It contains the address of the object SUBSECTION, supporting the projected file. For example, in SUBSECTION:: ControlArea->FilePointer stored FILE_OBJECT file.

Management of physical memory

Physical memory in the system is described by certain structures of a kernel mode. They are necessary to maintain a list of vacant and occupied pages to meet allocations and other memory operations. To start with, what are the main parts of the kernel responsible for the description and allocation of physical memory system. The first structure, which we consider to be MmPhysicalMemoryDescriptor, having a description:

   typedef struct _PHYSICAL_MEMORY_RUN {
       PFN_NUMBER BasePage;
       PFN_NUMBER PageCount;
   } PHYSICAL_MEMORY_RUN, *PPHYSICAL_MEMORY_RUN;
   typedef struct _PHYSICAL_MEMORY_DESCRIPTOR {
       ULONG NumberOfRuns;
       PFN_NUMBER NumberOfPages;
       PHYSICAL_MEMORY_RUN Run[1];
   } PHYSICAL_MEMORY_DESCRIPTOR, *PPHYSICAL_MEMORY_DESCRIPTOR;
   PPHYSICAL_MEMORY_DESCRIPTOR MmPhysicalMemoryDescriptor;

Variable kernel MmPhysicalMemoryDescriptor describes all of the available and suitable for use physical memory in the system and is initialized at boot time.
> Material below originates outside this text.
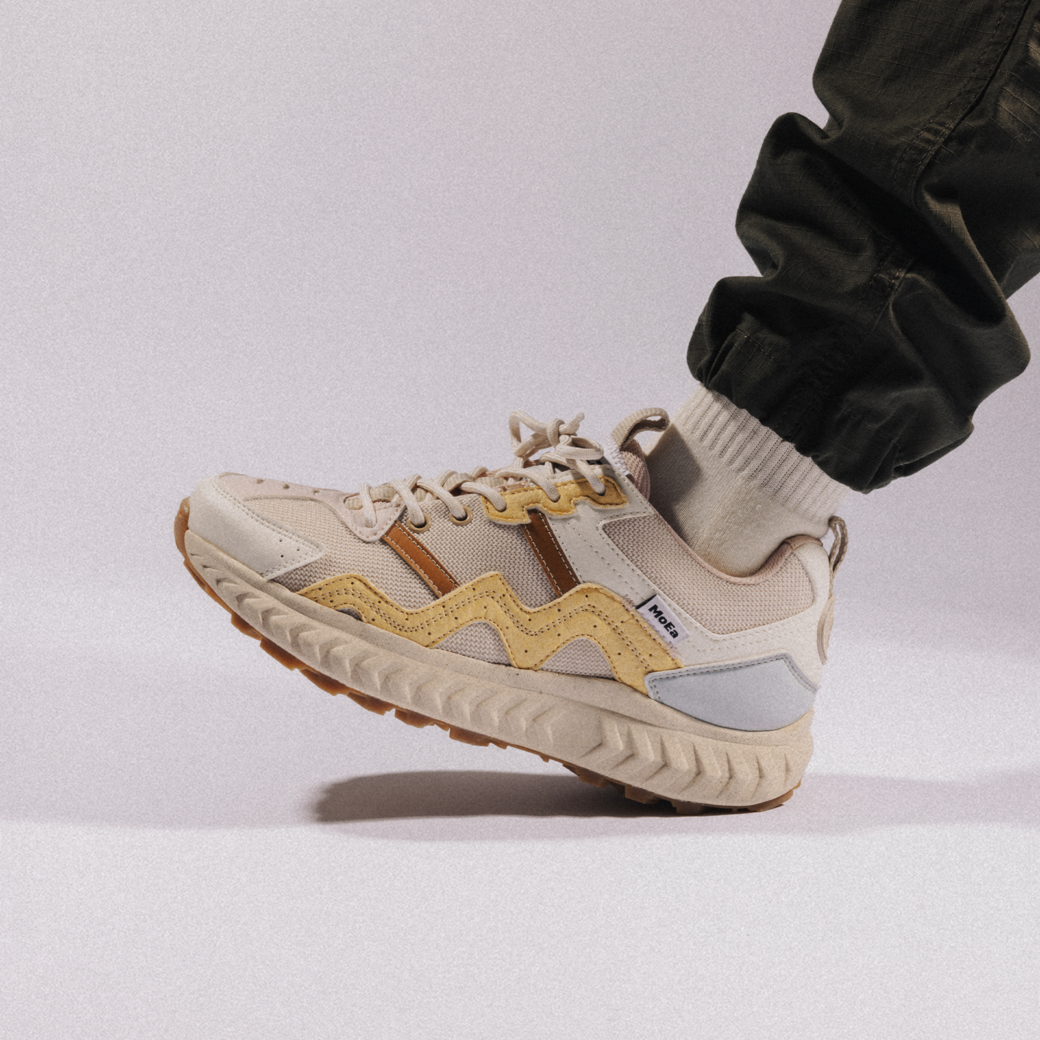 Signées par la marque française Moea, ces baskets vegan se distinguent par leur conception innovante et respectueuse de la planète.

The kernel maintains six lists of pages (out of eight possible states), which contain almost all the physical pages, except that with the exception of those used by the memory manager. Lists of pages supported pointers u1.Flink and u2.Blink structure MMPFN (about these later). The lists are:

  • ZeroedPageList - The list of zeroed pages, which can be issued on request from the user code. In the background thread is running MmZeroPageThread (it becomes the primary flow KiSystemStartup after all initialization) and is zeroed free pages with the movement of them in this list. If you request a page the user code is the most priority list, from which can be taken out page.
  • FreePageList - list of free pages. They can be sent after clearing polzovaelyu (stream or flashes event MmZeroingPageEvent, then reset the page flow page zeroing MmZeroPageThread, or in some exceptional cases resets itself - for example when processing a #PF PTE type of demand-zero. In this case, the flow channel page zeroing would add an additional loss of time), in the user's request is the second priority list after ZeroedPageList.
  • StandbyPageList - a list of idle pages. This page was previously part of the working set (process or system), but later were removed from it. Page has not been changed since the last recording on the disc, PTE, referring to a page that is in transition (transition) state and the page can be used to satisfy the request for memory allocation, but after viewing the list zeroed and free pages. (In Windows 2003 there are 8 sublists supporting idle page, on the priorities, they are described in the array MmStandbyPageListByPriority []. In Windows XP and below the list one)
  • ModifiedPageList - list of modified pages, they too had entered into a working set, but later were removed from it by reducing the working sets, for any reason. Pages have changed since the last recording on the disc and must be written in the paging file. PTE still refers to the page, but is not valid and is in transition.
  • ModifiedNoWritePageList - list of modified but not written pages. As above, but the page should not be written to disk.
  • BadPageList - a list of pages that have been marked bad by the memory manager for any reason. They should not be used. For example, the flow of zeroing pages temporarily mark pages bad when looking area of the pages, waiting for reset, so they were suddenly transferred to some process on request allocation of an extended region of memory (MmAllocateContiguousMemory). PTE should not rely on this page.

Status pages, not a list:

  • ActiveAndValid - page is active and real, not included in any list. These pages are part of the working set or not belong to any one of the working set and are part of the nepodkachivaemoy memory. They refer to the actual PTE.
  • TransitionPage - a temporary state pages on the waiting time I / O operations.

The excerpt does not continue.